If you have ever skied at Heavenly Valley, on the south shore of Lake Tahoe in the Sierra Nevadas, you know that when you ride the chair lift to the very top, above the tree line, you have the choice of skiing down the California side of the mountain, towards the lake, or you can ski down into Nevada. The view is awesome. Looking westward from this high vantage point, Lake Tahoe looks quite small. Looking eastward, the snow abruptly ends as the desert begins. On this last Sunday in the season of light, we come down off the mountain, having just had a most mysterious and breathtaking experience. Our direction, now, is towards the desert wilderness where we will follow Jesus through his time of trial and temptation that will lead us into Holy Week and to another high place known as Golgotha, the place of death. Our story of faith does not jump to “happily ever after.” Our story invites us to walk the journey of transformation by following Jesus to the both the high places and the low places…through the peaks and valleys of human experience… that our hearts may be stirred and changed and our minds stunned beyond pain, with the beauty of God’s magnificent and perfect love.
From her book Teaching a Stone to Talk: Expeditions and Encounters, the great writer, Annie Dillard, has famously suggested that we should wear “crash helmets” to church instead of our Sunday best (whatever “Sunday best” may be).

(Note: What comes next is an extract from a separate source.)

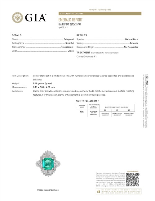 Accompanied by a GIA report (gia.edu/report-check-landing) numbered 2213624794 dated 23 April 2021, stating that the emerald is natural with minor clarity enhancement.
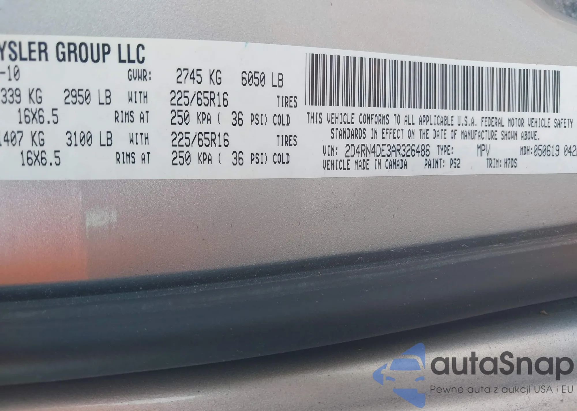 • VIN KMHH35LE7JU082538

Of the spiritual journey Dillard writes, “Does anyone have the foggiest idea what sort of power we so blithely invoke?” The power is present within and through this large, awesome, life giving story of our faith… a story that we live into as we follow Jesus from birth, to tomb and beyond.
I would like to conclude with this blessing:
May the peace of Christ go with you, wherever you may go.
May Christ guide you through the wilderness, and protect you through the
May Christ bring you home rejoicing at the wonders you have been shown.